Le Parole da Sola (2007)
for narrator, trumpet, electric guitar, percussion and double bass
on a text by Pasquale Panella
Duration: 9′ ca.
Edizioni RAI Trade

Le Parole da Sola is part of the cycle in seven scenes “Oggetto d’amore” (2008)

First performance: Rome, 07/11/2007, RAI, Studio A, Via Asiago
“Radio Tre Suite”
Interpreters: Sonia Bergamasco, Freon Ensemble (Massimo Bartoletti, Stefano Cardi, Rodolfo Rossi, Carla Tutino)
Sound direction Mauro Cardi

Text by Pasquale Panella

So che essendo innamorata non devo chiedere pareri, non mi viene. Cosa devo chiedere?, opinioni su di me innamorata?
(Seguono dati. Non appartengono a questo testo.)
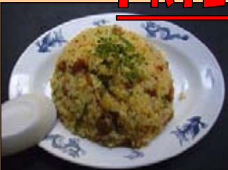
Half Fried Rice with any Ramen order only
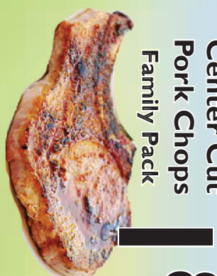
Center Cut Pork Chops Family Pack
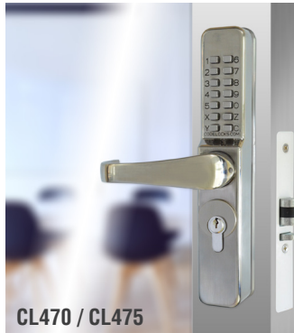
CL470 / CL475

Narrow stile Codelock complete with cams, threaded cylinder and lever handles.
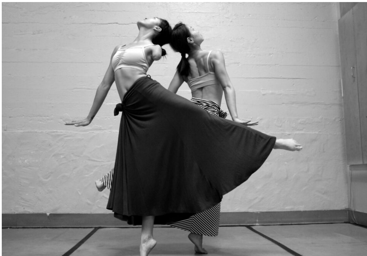
AXIS Dance Company takes the stage at this year's Fresh Meat Festival.
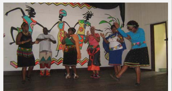
Zulu dance by Ward 15 staff
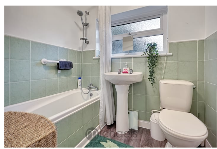
5' 3'' x 4' 7'' (1.6m x 1.4m) Low-level WC, pedestal hand wash basin, tiled bath with shower over, double glazed window to rear,
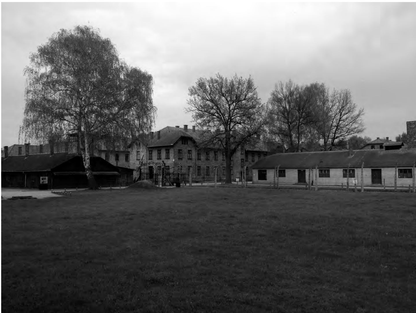
Labor camp at a distance, figure 1-C.

told. Our guide's description of the Nazi terror was incongruous of the season, as we viewed acres of green grass and trees in full bloom. I did not see any birds. It was then I noticed that my shoes were becoming covered in dust.
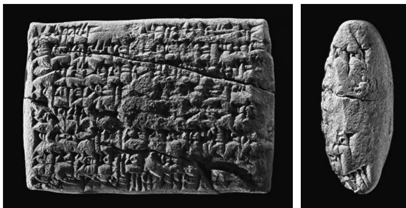
Fig. 2. NBCT 848, obverse & right edge.
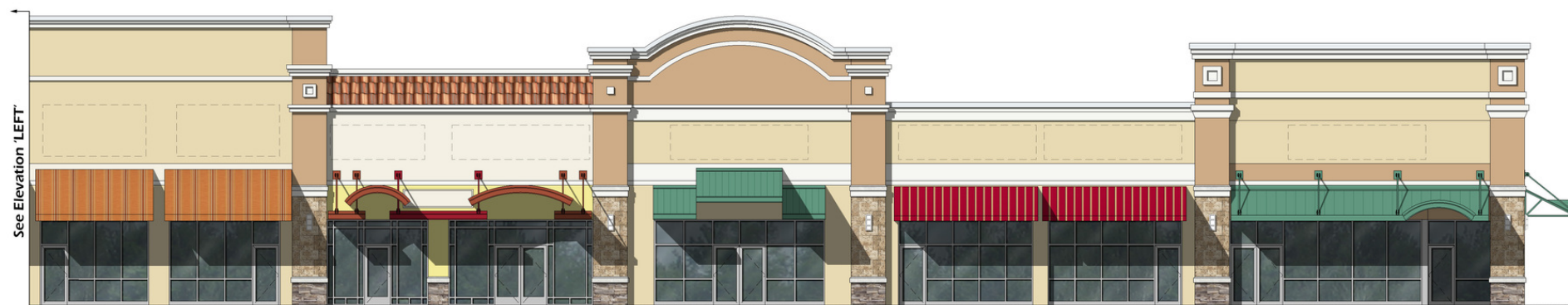
PARTIAL ELEVATION - RIGHT
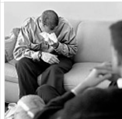
Op-Classic, 2000: Election Worries
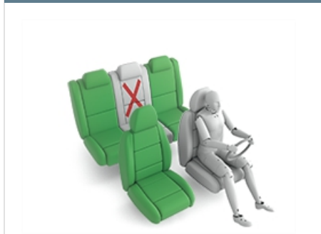
Maxi Cosi Cabriofix & EasyBase2 (Belt)
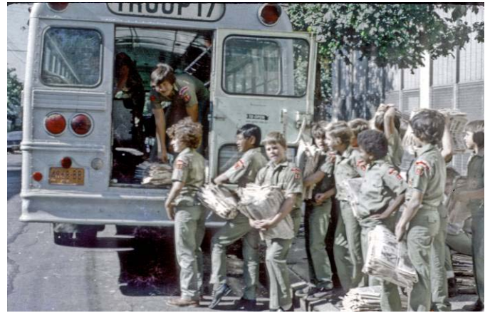
Newspaper Drive ~ 1973
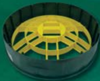
Safety Screens (12") 3017-SS (20") 3009-SS (24") 3008-SS
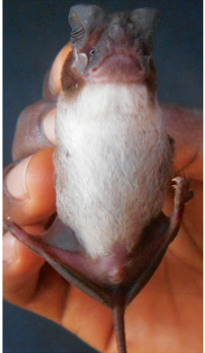
FIG. 17. — Mops (Xiphonycteris) nanulus J. A. Allen, 1917.

HABITATS AND DISTRIBUTION. — The Dwarf free-tailed bat is widely, but patchily, recorded in West, Central and East Africa from Sierra Leone and Guinea through Cameroon, to western Ethiopia and southward to Democratic Republic of the Congo (Happold 2013h
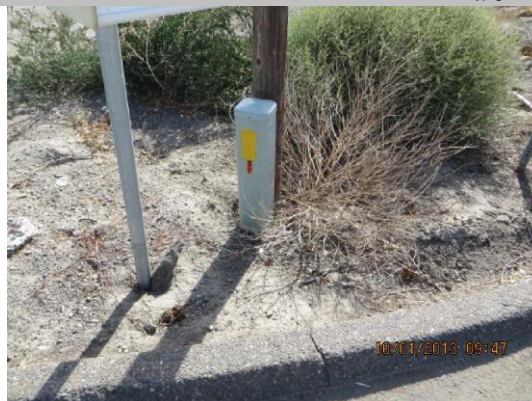
Communication line access box on LS shoulder.
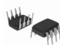
LT1012AIN8#PBF Linear Technology IC OPAMP GP 8DIP
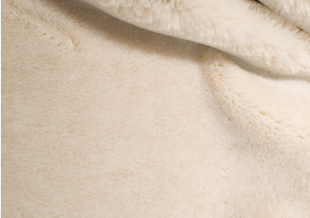
▶ CHINCHILLA FUR / WHITE
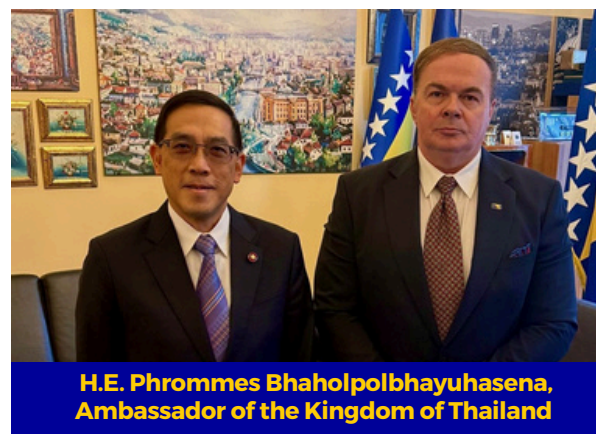
H.E. Phrommes Bhaholpolbhayahasena, Ambassador of the Kingdom of Thailand

The Ministry of Foreign Affairs expresses its readiness to support the diplomatic missions of the newly appointed ambassadors and to work jointly on advancing mutual interests and dialogue.
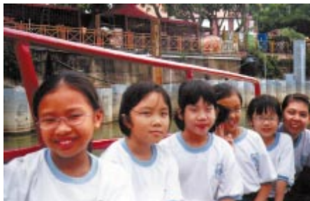
Enjoying the "Malacca River Cruise-Ride"

with an eye-opening "Malacca River Cruise-Ride" along the "muddy waters". Besides viewing the different landmarks, they were amazed by the many iguanas that live under the houses!
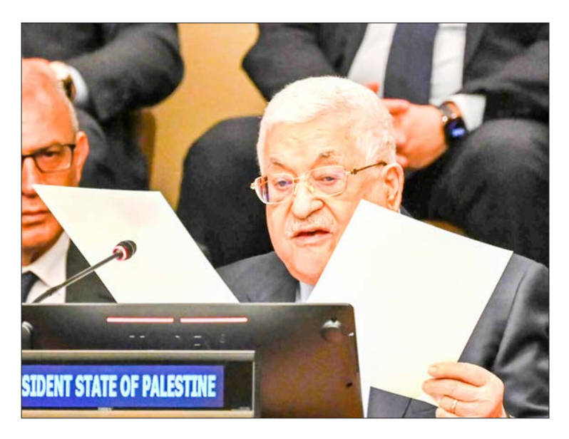
Palestinian president Mahmud Abbas will make a state visit to China next week. PHOTO: AFP

Abbas is an "old and good friend of the Chinese people", he added. "China has always firmly supported the just cause of the Palestinian people to restore their legitimate national rights." Beijing has sought to boost its ties to the Middle East, challenging long-standing US influence there — efforts that have drawn rebukes from Washington. — AFP
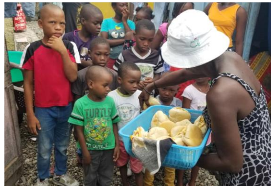
A caring community member prepares food and serves breakfast to local children. They are served bread with peanut butter OR bread with scrambled eggs and herring before heading to school.
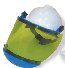
4692 Faceshield Assembly
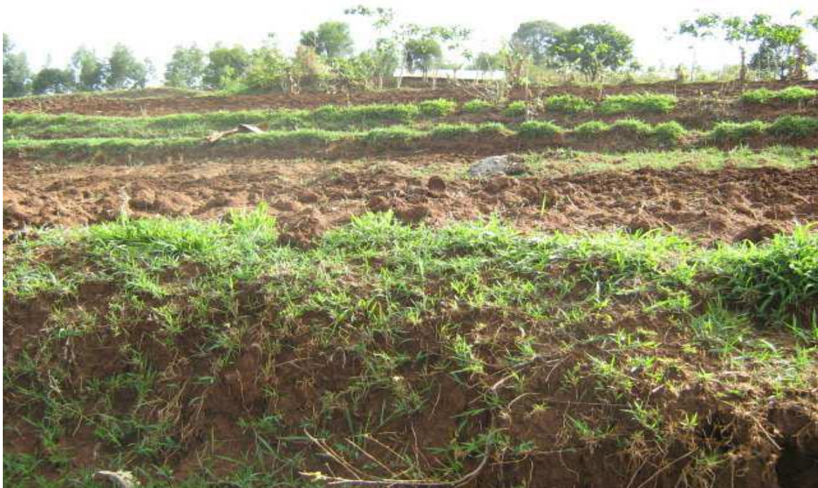
Fig 3. Elephant grass planted on newly constructed soil conservation structure.

Benefici, profitti e giovamenti per me cene saranno pure, ma il fatto che non riesco nemmeno a pensarli, a vederli, questa cecità, queste dimissioni, anzi, di tutti i sensi, che si danno alle congiure, alla clandestinità, al brigantaggio e si coalizzano in uno, un’alleanza illecita, irregolare, che fa razzie su di me, in me, questi tatti e questi gusti che improvvisamente mangiano con le mani, queste papille appassionate per lo scivoloso, questo udito che ascolta volgari e bellissime strofe proibite, questo odorato sensuale che fiuta solo una pista, la propria, questa vista ottenebrata fino alla cecità… i miei occhi chiusi. Parlare di chi si ama consiste in tua curiosa predilezione di sé come attore, oratore, spettacolo della: più che dire perché qualcuno ascolti è un sentirsi sentire, sentirsi sentimentalmente ma anche sonoramente. Esercitiamo il potere, abbiamo di fronte un assoggettato, un sottomesso, abbiamo di fronte l’ascoltatore. Succede che, in casi di infatuazione meno limpida per il proprio racconto, si abbia bisogno di una platea più vasta, di una folla, che ci irrita se solo tossisce, figuriamoci se s’azzarda a replicare. E sappiamo benissimo, tenendo il mento altezzoso, sappiamo benissimo come utilizzare, senza darlo a vedere, un gomito, un dito, un ginocchio, sappiamo quando è il momento di mettere mano ad attrezzerie che nell’aria cominciano a volteggiare quando il discorso si fa sentimentale, e allora le figure si staccano dalle pareti dalle enciclopedie illustrate, dagli atlanti, e si dilatano, ma leggere volteggiano, e noi pizzichiamo corde, percuotiamo tasti con le dita, saliamo su bolidi in corsa, usciamo vivi da tutte le ultime scene, pronunciamo battute dalle celebri pause e dalle sospensioni già protese verso la rinomanza. Parole come carri di sfilata, un corso che si vorrebbe inesauribile e che non stanca mai.
Insomma parlo da sola.
Alla fine io, dopo qualche anno, nemmeno molti, non ho più idee, non ho più spunti né convinzioni. Cito ormai, come se fossero certezze, opinioni tutti, principi; cito, come se fosse il mio pensiero, cito cose, spezzoni, tranci, porzioni di frasi spesso del tutto deformate e fraintese, cito questo e ne faccio la ragione del discorso, la ragione della vita. E non accetto suggestioni che non siano recentissime: della mattina per il pomeriggio e la sera; della sera per la mattina dopo. Tra poco rinuncerò alle parole se saranno solo leggibili e non anche visibili. Sta suonando mezzogiorno, parlerò di campane per sempre e dovranno fermarmi. Solo allora saprò di cosa altro non ho veramente alcun dubbio. Ho capito anche l’aureola dei santi, quel neon da pianerottolo. La vignetta mistica un giorno fu vera: qui sulla terra, quando ti amo, vedo il tuo viso circondato di cose.